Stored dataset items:
········
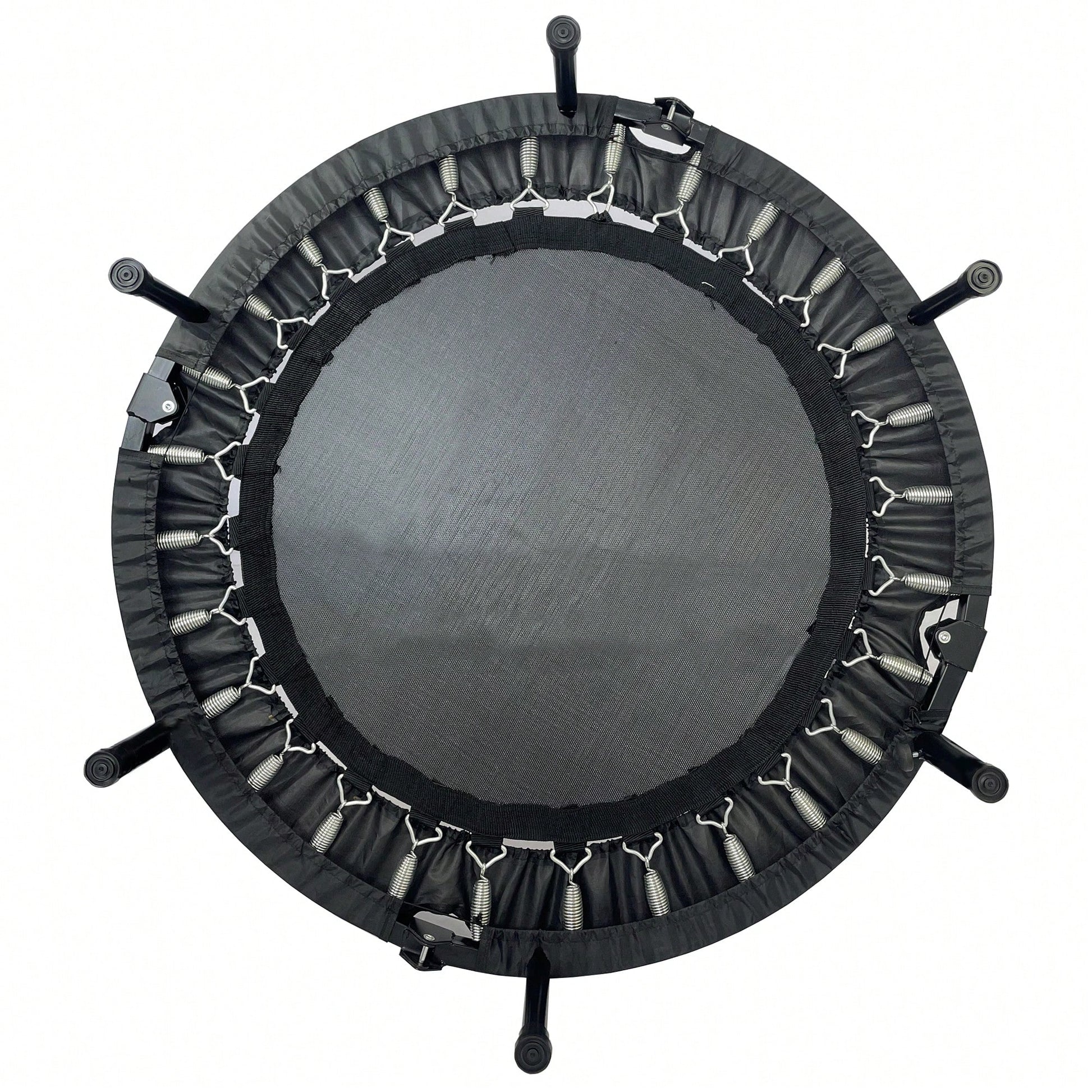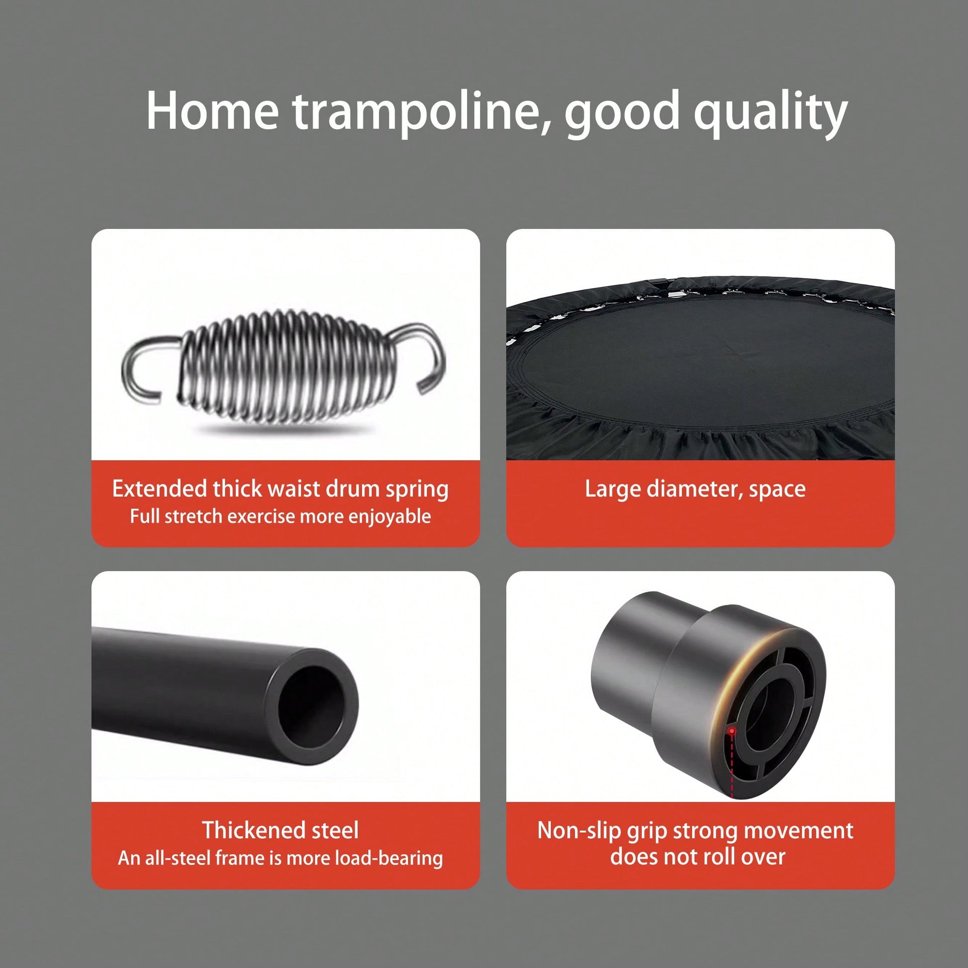 This mini exercise trampoline is ideal for both adults and kids looking to incorporate fun and fitness into their routines. With the ability to burn calories effectively, this trampoline is perfect for home use, fitness, and outdoor activities. It features an adjustable foam handle for support during workouts and is built with heavy-duty steel legs that come with anti-slip rubber sleeves for stability.
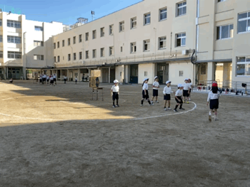 1年生の体育では、2チームに分かれて、真ん中に置いてある的にボールをあてる運動を...
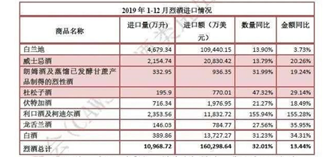 2月25日,中國(guó)食品土畜進(jìn)出口商會(huì)酒類進(jìn)出口商分會(huì)發(fā)布《2019年全年酒類進(jìn)口數(shù)據(jù)》。數(shù)據(jù)顯示,019年1-12月,烈酒進(jìn)口量1.1億升,同比增長(zhǎng)32%;進(jìn)口額16.億美元,同比增長(zhǎng)13.4%。烈酒在過去的一年里,一路逆市飄紅,統(tǒng)計(jì)在內(nèi)的各烈酒酒種全部實(shí)現(xiàn)量額齊增。
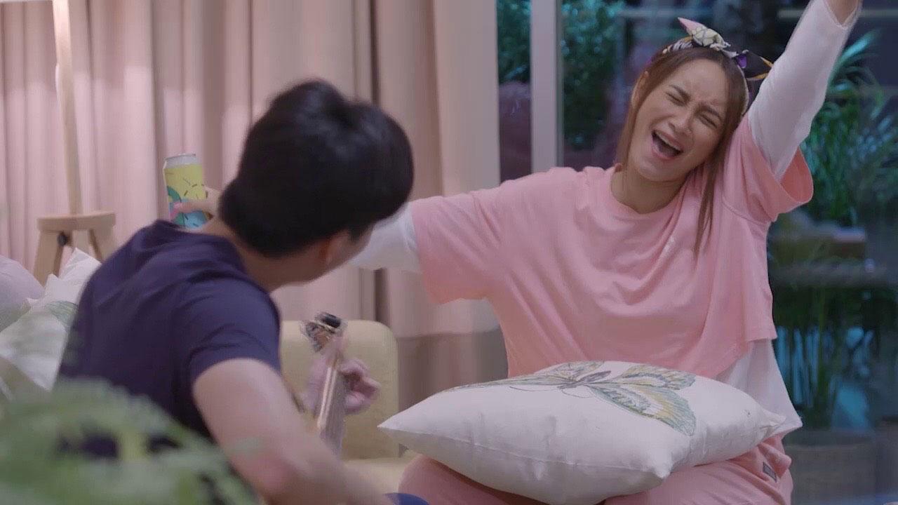 ฉากนี้ “ปุ๊ย-ผอูน จันทรศิริ” ผู้กำกับ ให้บี เน๋ง ใส่ฟีลรั่วๆ ฮาๆ ได้เต็มที่ โดยเฉพาะการร้องเพลง ขอชนิดแผดเสียง คร่อมคีย์กันไปเลย เพราะคนกรึ่มๆ มึนๆ ทำอะไรก็ไม่ผิด (ฮา) ทำเอา สาวบีขิงใส่เน๋งเบาๆ ว่าเป็นนักร้องมาก่อน เพี้ยนยังไงก็เพราะ เน๋งเลยเน้นโชว์ลีลาดีดกีตาร์ข่มกลับซะเลย เมื่อซักซ้อมกันจนเป๊ะ ถ่ายจริง บีแอบกลัวที่ต้องอยู่คนเดียว เน๋งเลยชวนดูทีวี เล่นทายเพลงแก้เบื่อ แต่จังหวะที่ฟรีสไตล์สุดๆ ก็ตอนร้องเพลงนี่แหละ บี เน๋ง ใส่กันสุดตัว ร้องตะโกนสุดเสียง เพี้ยนได้ใจ
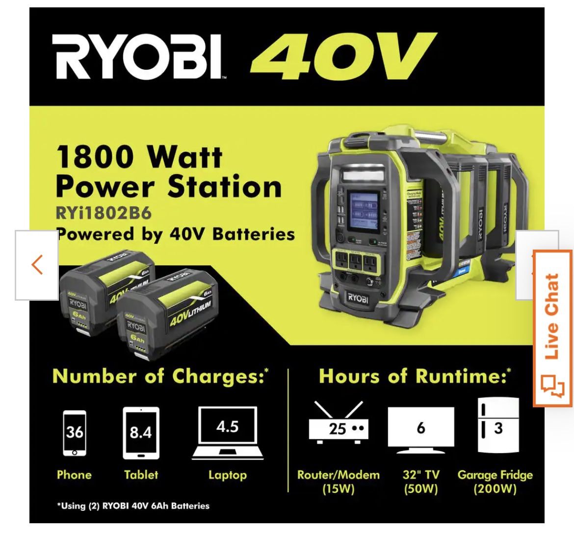 Brand new in box Tool only This sells at Home Depot for $650 Ryobi 40v 1800 Watt Portable Battery Power Station Inverter Generator And 4 Port Charger I also have ryobi batteries brand new in box available please check other listings
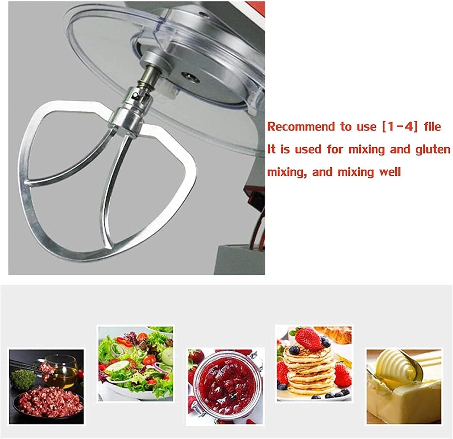 Various kinds of pasta: such as bread, steamed buns, buns, dumpling wrappers, and other doughs for mixing various foods and spices. Standard machine + stainless steel dough hook: a total of four heads (including: egg beater + dough hook + mixing knife + stainless steel dough hook) Rated power: 1500W Basin capacity: 7L If you have any questions, please contact us in time and we will respond to your inquiry within 24 hours.
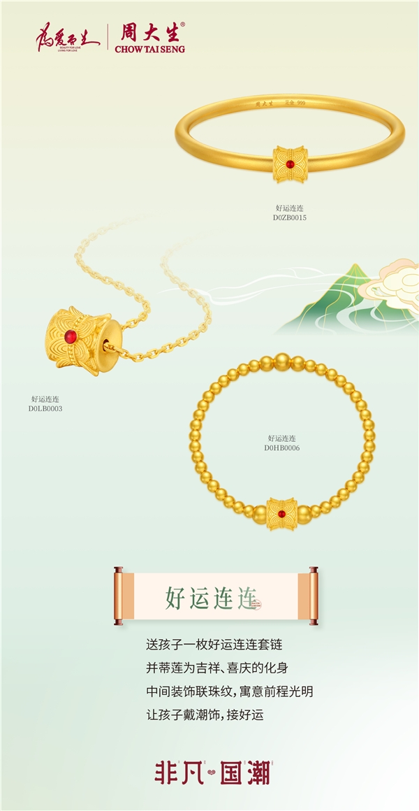 好运降临,气场全开。周大生珠宝“好运连连”套系,采用民间视作吉祥、喜庆征兆的并蒂莲为设计元素,寓意好运连连。并蒂莲中间装饰联珠纹,寓意前程光明,红色珐琅居中,提升喜庆的国潮氛围感,戴潮饰,接好运!
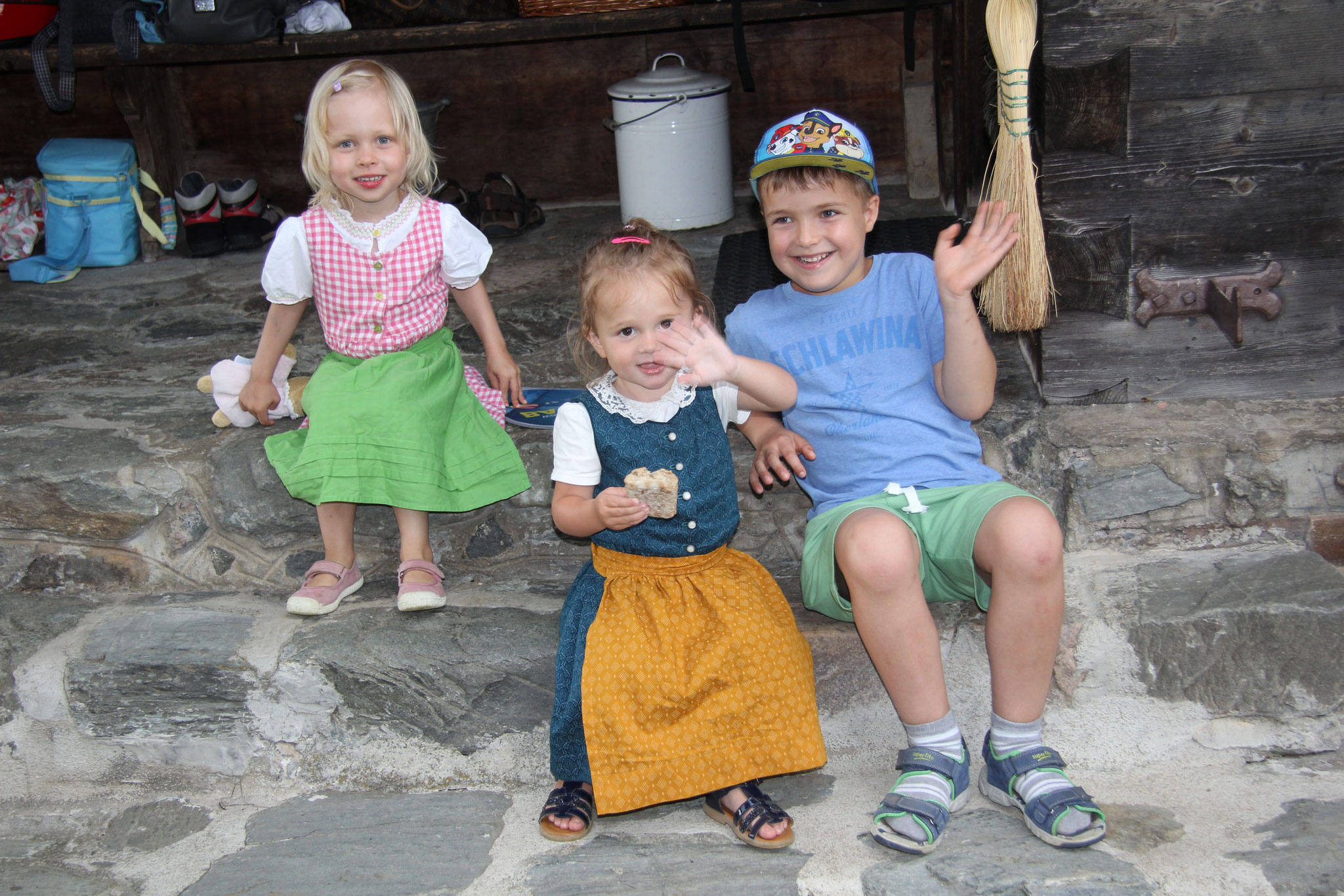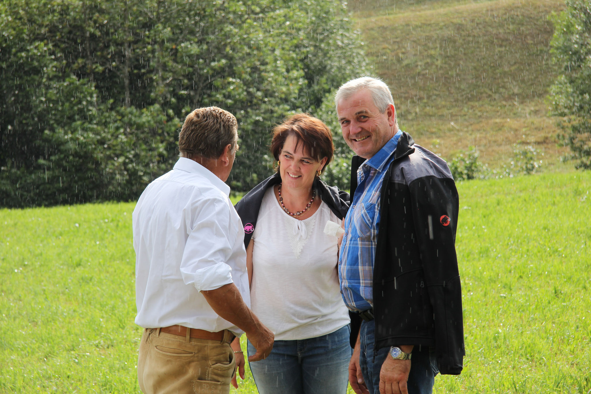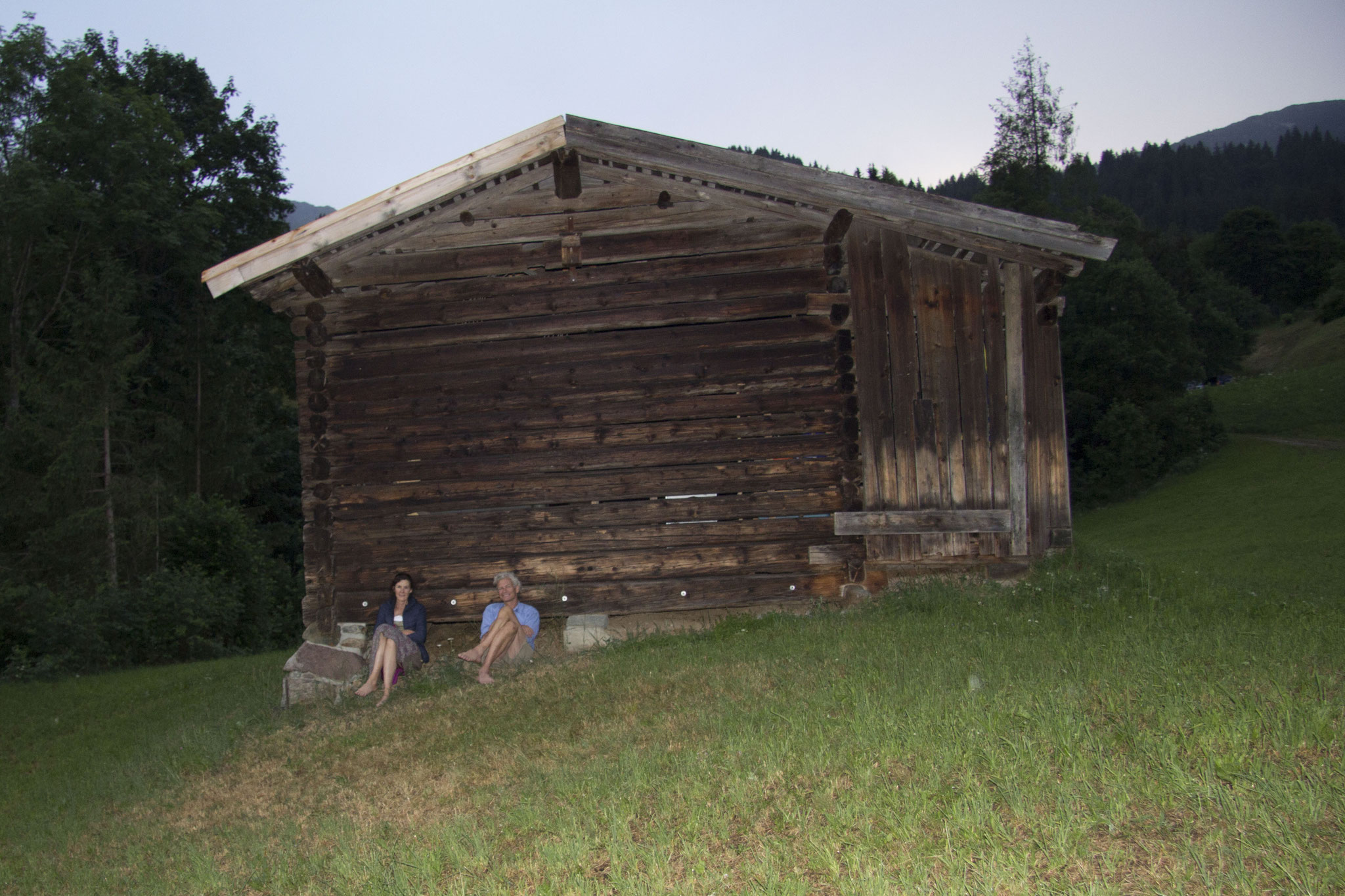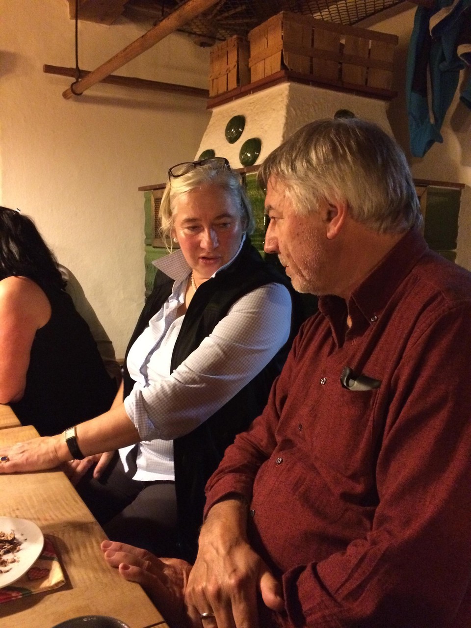 nachmittags in der Herbstsonne auf der Hüttenbank. Gegen 18 Uhr waren die meisten Gäste eingetroffen, ein paar Nachbarsbauern sind ebenfalls gekommen. Alle waren begeistert von der schönen
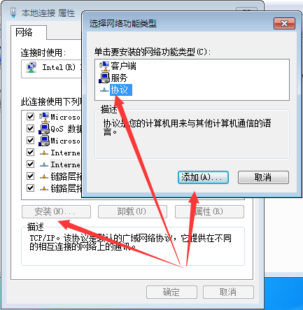 Win7系统不小心将TCP/IP协议卸载如何重新安装的方法
········
What needs to be done:
What is needed is an exact reproduction of the data, pictures excluded.

Reply to the task:
 This mini exercise trampoline is ideal for both adults and kids looking to incorporate fun and fitness into their routines. With the ability to burn calories effectively, this trampoline is perfect for home use, fitness, and outdoor activities. It features an adjustable foam handle for support during workouts and is built with heavy-duty steel legs that come with anti-slip rubber sleeves for stability.
 1年生の体育では、2チームに分かれて、真ん中に置いてある的にボールをあてる運動を...
 2月25日,中國(guó)食品土畜進(jìn)出口商會(huì)酒類進(jìn)出口商分會(huì)發(fā)布《2019年全年酒類進(jìn)口數(shù)據(jù)》。數(shù)據(jù)顯示,019年1-12月,烈酒進(jìn)口量1.1億升,同比增長(zhǎng)32%;進(jìn)口額16.億美元,同比增長(zhǎng)13.4%。烈酒在過去的一年里,一路逆市飄紅,統(tǒng)計(jì)在內(nèi)的各烈酒酒種全部實(shí)現(xiàn)量額齊增。
 ฉากนี้ “ปุ๊ย-ผอูน จันทรศิริ” ผู้กำกับ ให้บี เน๋ง ใส่ฟีลรั่วๆ ฮาๆ ได้เต็มที่ โดยเฉพาะการร้องเพลง ขอชนิดแผดเสียง คร่อมคีย์กันไปเลย เพราะคนกรึ่มๆ มึนๆ ทำอะไรก็ไม่ผิด (ฮา) ทำเอา สาวบีขิงใส่เน๋งเบาๆ ว่าเป็นนักร้องมาก่อน เพี้ยนยังไงก็เพราะ เน๋งเลยเน้นโชว์ลีลาดีดกีตาร์ข่มกลับซะเลย เมื่อซักซ้อมกันจนเป๊ะ ถ่ายจริง บีแอบกลัวที่ต้องอยู่คนเดียว เน๋งเลยชวนดูทีวี เล่นทายเพลงแก้เบื่อ แต่จังหวะที่ฟรีสไตล์สุดๆ ก็ตอนร้องเพลงนี่แหละ บี เน๋ง ใส่กันสุดตัว ร้องตะโกนสุดเสียง เพี้ยนได้ใจ
 Brand new in box Tool only This sells at Home Depot for $650 Ryobi 40v 1800 Watt Portable Battery Power Station Inverter Generator And 4 Port Charger I also have ryobi batteries brand new in box available please check other listings
 Various kinds of pasta: such as bread, steamed buns, buns, dumpling wrappers, and other doughs for mixing various foods and spices. Standard machine + stainless steel dough hook: a total of four heads (including: egg beater + dough hook + mixing knife + stainless steel dough hook) Rated power: 1500W Basin capacity: 7L If you have any questions, please contact us in time and we will respond to your inquiry within 24 hours.
 好运降临,气场全开。周大生珠宝“好运连连”套系,采用民间视作吉祥、喜庆征兆的并蒂莲为设计元素,寓意好运连连。并蒂莲中间装饰联珠纹,寓意前程光明,红色珐琅居中,提升喜庆的国潮氛围感,戴潮饰,接好运!
 nachmittags in der Herbstsonne auf der Hüttenbank. Gegen 18 Uhr waren die meisten Gäste eingetroffen, ein paar Nachbarsbauern sind ebenfalls gekommen. Alle waren begeistert von der schönen
 Win7系统不小心将TCP/IP协议卸载如何重新安装的方法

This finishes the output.